Laten we een voorbeeld nemen. Denk aan de eenheid van het huwelijk tussen man en vrouw. Gods ontwerp was dat een man zijn vader en moeder verlaat en één wordt met zijn vrouw. Met welk doel? Is het alleen voor kinderen? Was het Gods plan dat Adam en Eva de aarde zouden vullen met nog meer Adams en Eva's, exacte replica's van Adam, exacte replica's van Eva? Nee! Tegen het einde van het begin, dat wil zeggen, tegen het einde van het boek Genesis, vinden we de totstandkoming van een natie die gevormd wordt. Een natie waarover God honderden jaren later zal beloven: "Zij zullen mijn volk zijn, en ik zal hun God zijn". Iets veel majestueuzer zou voortkomen uit de vruchtbaarheid van Adam en Eva, de ingewikkelde geschiedenis van die vruchtbaarheid en Gods liefdevolle tussenkomst.

Hoe zit het dan met Psalm 133? Hoe zit het met de eenheid onder de broeders?
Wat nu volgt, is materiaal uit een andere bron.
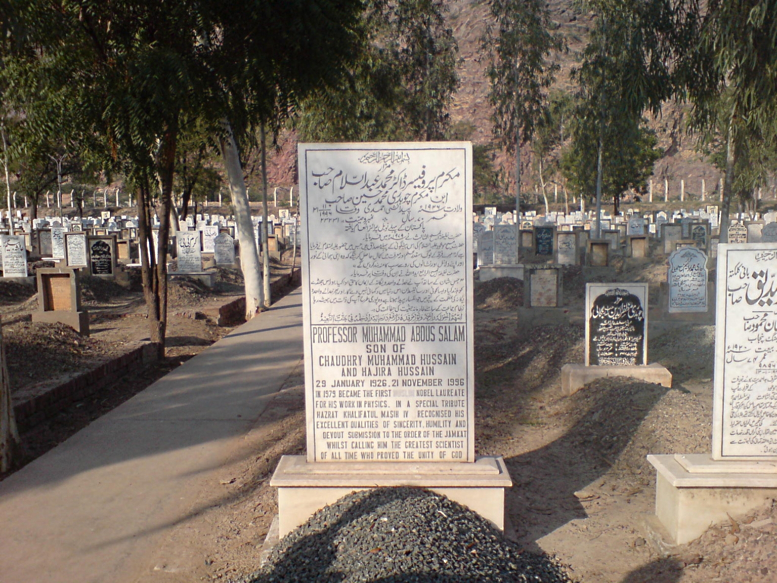 압두스 살람은 1996년 11월 21일, 70세의 나이로 잉글랜드 옥스퍼드에서 진행성 핵상 마비로 사망했다.[105] 그의 시신은 파키스탄으로 돌아와 다룰 지야팟에 안치되었고, 약 1만 3천 명의 사람들이 조문했으며, 장례 기도에는 약 3만 명이 참석했다.[106]살람은 파키스탄 펀자브 주 라브와에 있는 바히슈티 마크바라 묘지에 묻혔다. 그의 묘비에는 처음에 "최초의 무슬림 노벨상 수상자"라고 적혀 있었으나, 파키스탄 정부는 아마디야 무슬림을 비무슬림으로 공식 선언한 유일한 국가로서 "무슬림"이라는 단어를 삭제했다.[107] "무슬림"이라는 단어는 지역 판사의 명령으로 가려졌다가 국가 차원으로 확대되었다.[108] 이는 1984년 제정된 20조례[109][110]와 파키스탄 헌법 제2차 수정안[111]에 따른 것이다.

Wat betekent het om de zegen te hebben van "het eeuwige leven"? Het Hebreeuws wordt als volgt weergegeven:

het leven zelfs tot in de eeuwigheid.
Chayyim ad ha-olam

Vergeet niet dat Adam zijn vrouw Eva [Chavvah] noemde, omdat zij de "moeder van alle levenden" was. Het woord leven in Psalm 133 roept haar naam bij ons op! Eva gaat over het leven!

Dit is wat ik geloof.

Iets groters is hier. Iets in deze laatste zin van Psalm 133 neemt ons mee naar een andere dimensie van het leven. Het is zo veel groter dan "wees vruchtbaar en vermenigvuldig je", dat we het niet eens onder controle kunnen houden! We kunnen het niet begrijpen!

Maar op de een of andere manier creëert het samenwonen van broeders niet alleen een nieuw leven, maar een garantie dat het nieuwe leven nooit zal ophouden om te komen, nooit zal ophouden geboren te worden. Het is meer dan "de spreekwoordelijke fontein van het leven ontdekt te hebben". Het is eerder alsof men de middelen heeft ontdekt om een oneindig aantal individuele fonteinen van het leven te baren, in steeds grotere aantallen, manieren en vormen, zonder op te houden, zonder te stoppen, zonder einde, en met de zegen van de Ene Ware God.

Ik heb geen idee wat die zin die ik net schreef betekent! Maar ik geloof dat mijn geest weet wat het betekent, en de jouwe ook. Het is waarschijnlijk de reden dat je deze columns hebt gelezen. Iets trekt je geest naar iets goeds. Dus je duwt de zorgen van de dag lang genoeg opzij om de basis te raken met de God van Abraham, Izaäk en Jakob. Iets roept je verder, en je weet niet waarom.

Dit is de reden waarom.

Het is geen wond die genezen moet worden. Het is geen pijn om getroost te worden. Het is een oproep om "het leven zelfs tot in de eeuwigheid te laten voortduren".

We willen het allemaal.

Mogen we allemaal bereid zijn om elke wandeling te lopen, hopen dat we alle hoop hebben en er een prijs voor betalen. Het moet iets zijn dat in het hart van de Messias brandt. Het is de oproep aan de Joden en alle volkeren om samen te komen. Om de woorden van Jeremia 20:9 te parafraseren: Probeer het in onze beenderen op te sluiten, we kunnen het gewoonweg niet vasthouden.

Het zal geschieden.

Shalom.

Bron: Studio See: 052 – Where Does it End?